Mehmed dedicou o restante de seu reinado a uma série de campanhas militares, tanto nas fronteiras européias quanto nas asiáticas. Na Europa, exércitos otomanos subjugaram as últimas tiranias gregas na Moréia, reduziram a Sérvia e a Bósnia à condição de províncias e conquistaram várias ilhas gregas. Na Ásia, tomaram Amasra dos genoveses, Sínope do emir muçulmano e Trebizonda do imperador grego. E, o que é muito importante, o sultão recusou-se a ceder à tentação de prosseguir na direção leste e atacar outros soberanos muçulmanos. Ao ser desafiado por Uzun Hassan, governante muçulmano da Anatólia oriental e Mesopotâmia, derrotou-o em batalha em 1373, mas absteve-se de explorar a vitória. Em uma conversa citada por Kemalpashazade, historiador do séc.XVI, o sultão explicou seus motivos. Era correto castigar Uzun Hassan por sua temeridade, mas teria sido errado destruir-lhe a linhagem, pois “procurar a destruição de dinastias antigas de grandes sultões do povo do islã não é uma boa prática”.1 Mais a propósito, ter-lhe-ia distraído a atenção de assunto mais sério: a

jihad na Europa.

Os sultões muçulmanos, todavia, não podiam dar-se ao luxo de negligenciar as terra muçulmanas além das fronteiras sul e leste, onde ocorriam nesse momento importantes mudanças. Uma delas era a decadência evidente do sultanato mameluco, que governara o Egito e a Síria desde meados do séc.XIII. Em certo sentido, o sultanato egípcio se tornara, nos últimos anos, uma espécie de Bizâncio árabe. No norte e no leste, no platô da Anatólia e Irã, entre turcos e persas que haviam assumido a liderança política e cultural do islã, surgiam novos Estados e

sociedades, paralelamente ao desenvolvimento de uma nova civilização, que se expressava principalmente nos idiomas persa e turco. No Egito e na Síria, não obstante as influências poderosas e cada vez mais intensas do Oriente, sobrevivia a velha ordem. A antiga cultura islâmica, em sua forma árabe, iniciara a longa idade de prata. Soldados mamelucos defendiam o reino e protegiam de invasões o vale do Nilo. Escribas e eruditos egípcios e sírios, muitos deles filhos e descendentes de mamelucos, mantinham e encarregavam-se da administração do Estado e, simultaneamente, preservavam e interpretavam; dessa maneira, enriqueciam a herança do islã clássico.

O sultanato sírio-egípcio já fora debilitado por um complexo de causas internas e externas — entre elas a guerra devastadora contra Timur, a drenagem de recursos ocasionada por malversação financeira e subversões econômicas, os impactos de pragas, seca e fome, e o esfacelamento da ordem e da sociedade mamelucas.

Os golpes finais vieram de fora, do oeste e do norte. O primeiro, econômico, com o aparecimento dos portugueses nas águas do Oriente. Ao abrir rotas marítimas diretas entre a Europa e a Índia, os portugueses ladearam o comércio egípcio. Os efeitos a longo prazo de tudo isso, porém, não foram tão grandes como se pensou em certa ocasião, e o séc.XVI presenciou uma considerável reativação do comércio através do Levante. Os efeitos imediatos, no entanto, tiveram caráter sério e confrontaram Qansawh al-Ghawri (1500-1516) com uma crise, sob a forma de comércio decadente e receita em queda. Estimulado por Veneza, ele enviou uma esquadra egípcia à Índia. Após alguns sucessos iniciais, essas forças foram derrotadas pelos portugueses, que, em seguida, iniciaram a destruição sistemática dos navios mercantes muçulmanos que navegavam no oceano Índico. Alguns navios portugueses aventuraram-se mesmo a entrar no golfo Pérsico e no mar Vermelho.

O segundo — o golpe mortal — foi militar.

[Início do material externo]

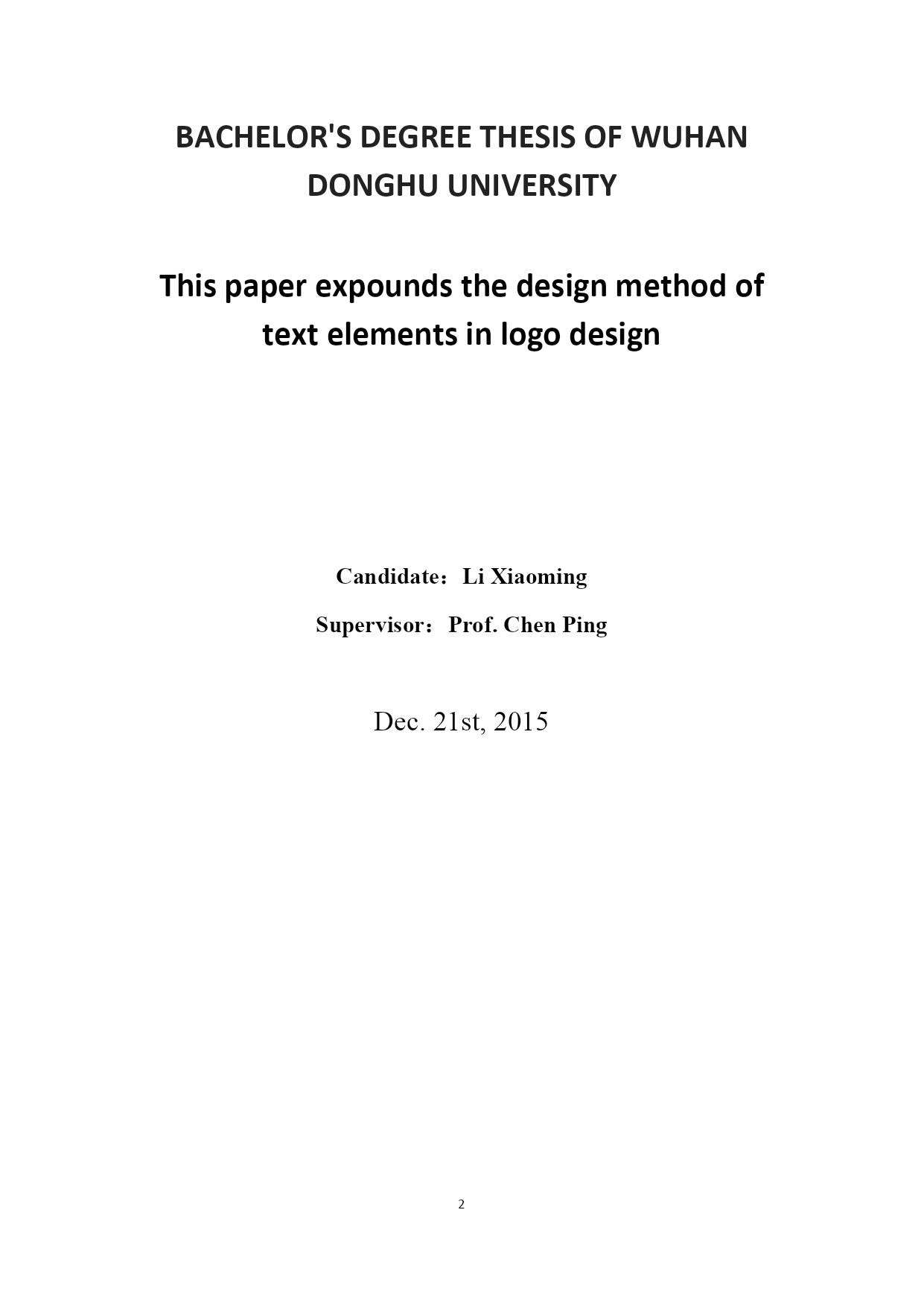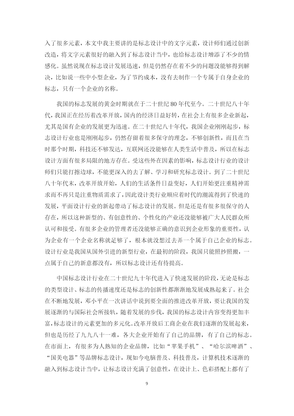 PAGE\*MERGEFORMAT22学号:2014040031005年级:2014级本科生毕业论文(设计)阐述标志设计中文字元素设计方法院系名称:文法学院专业名称:广告学学生姓名:周耀忠指导教师:白玉洁/讲师年月日BACHELOR'SDEGREETHESISOFWUHANDONGHUUNIVERSITYThispaperexpoundsthedesignmethodoftextelementsinlogodesignCandidate:LiXiaomingSupervisor:Prof.ChenPingDec.21st,2015郑重声明本人郑重声明:所呈交的论文是本人在导师的指导下独立进行研究所取得的研究成果。除了文中特别加以标注引用的内容外,本论文不包含任何其他个人或集体已经发表或撰写的成果作品。对本文的研究做出重要贡献的个人和集体,均已在文中以明确方式标明。本人完全意识到本声明的法律后果由本人承担。论文作者签名:日期:年月日阐述标志设计中文字元素设计方法摘要在远古时期,文字还没有出现在社会当中,当时的人类是愚昧一代的人类,他们的生活非常的原始化,非常的落后。随着时代的进步和人类的进化,文明逐渐出现在人类生活当中,文字的出现证实了这一切,文字的出现让人类从愚昧进化到了文明时代,因此文字是人类的进化史中的一个里程碑,在人类进化史中起着越来越重要的作用。世界上有几大文明古国,中国也是其中一个,汉字也是所有文明古国文字中唯一一种作用于当代社会的文字。中国的汉字经历了数千年的演变过程,从最开始的抽象文字逐渐的具体化,最终演变成了当代的汉字,现代汉字集表音、表形、表意于一体,汉字的书写经历过好几个阶段的发展,最开始人们是在陶器上刻字绘字,接着是在甲骨上书写汉字,随着青铜器的发展,人们开始在青铜器上刻字,到了朝代时期人们开始用竹简写字,等到纸发明问世后,人们开始在纸上写字,最终到活字印刷术的阶段。在这些阶段的发展过程当中,文字的使用带动了青铜器、印刷术、书法艺术等行业的繁荣发展。汉字不仅仅只是在中国盛行,还影响到了中国周边的一些国家和地区,比如日本、韩国和东南亚地区,想必大家现在看日本文字的时候都可以看到汉字的影子吧。本文我立足于对中国传统文化的传承弘扬,分析和研究文字和标志的发展历史,选取从中国传统文化的汉字方面作为切入点,分析汉字的特征,研究标志设计的发展趋势,并从网上查阅相关资料,收集与标志设计和文字元素相关的案例,分析他们的创意和设计方法,简单的阐述标志设计中的文字元素的作用。关键词:文字元素;标志设计;创意性ThispaperexpoundsthedesignmethodoftextelementsinlogodesignAbstractInancienttimes,thewritingwasnotinthesociety,whenthehumanbeingwasastupidgenerationofpeople,theirlifewasveryprimitive,verybackward.Alongwiththeprogressoftheeraandtheevolutionofthehumancivilizationgraduallyappearinhumanlife,theemergenceoftextconfirmedthat,theemergenceofthetexttoevolvefromignorancetocivilizationera,sothetextisamilestoneinthehistoryoftheevolutionofhuman,isplayingamoreandmoreimportantroleinhumanevolution.Thereareseveralancientcivilizationsintheworld,andChinaisoneofthem,andtheChinesecharacteristheonlyonethatplaysaroleinthecontemporarysociety.Chinesecharactershasexperiencedthousandsofyearsofevolution,fromthebeginningoftheembodimentofabstractwordsgradually,eventuallyevolvedintomodernChinese,modernChinesecharactersettablesound,tableform,meaningasawhole,thedevelop

As relações entre os sultanatos mameluco e otomano haviam sido por algum tempo relativamente cordiais. Deterioraram-se, no entanto, na segunda metade do séc.XV. Entre 1485 e 1490, os dois Estados travaram uma guerra inconclusiva, na qual os mamelucos, no geral, saíram-se melhores do que os otomanos.

O equilíbrio militar, no entanto, mudava rapidamente em favor dos otomanos. Neste particular, surgiu um fator de importância crucial — armas de fogo portáteis e canhões —, que os otomanos adotaram imediata e extensamente e com grande eficácia. Os mamelucos, por seu lado, demonstraram grande relutância em adotar as novas armas. Ao contrário das terras muçulmanas, os domínios mamelucos eram pobres em metais, que tinham que ser importados. Mais grave do que qualquer dificuldade prática, no entanto, eram as atitudes social e psicológica dos emires mamelucos, que se apegavam às armas “legítimas” e “honradas” do passado e desprezavam as armas de fogo e os que as usavam,

considerando-os indignos e contrários aos costumes nobres da cavalaria. Nos últimos anos no poder, os mamelucos fizeram alguns tíbios esforços para adotá- las. Mas as destinaram a unidades especialmente criadas para esse fim, constituídas de escravos negros, filhos nativos de mamelucos e mesmo uma espécie de milícia que incluía artesãos recrutados localmente e uma miscelânea de mercenários estrangeiros. Essas unidades pouco efeito produziram e os lanceiros armados, espadachins e arqueiros que constituíam a nata do exército mameluco foram irremediavelmente superados pela infantaria armada de mosquetes e pela artilharia otomana.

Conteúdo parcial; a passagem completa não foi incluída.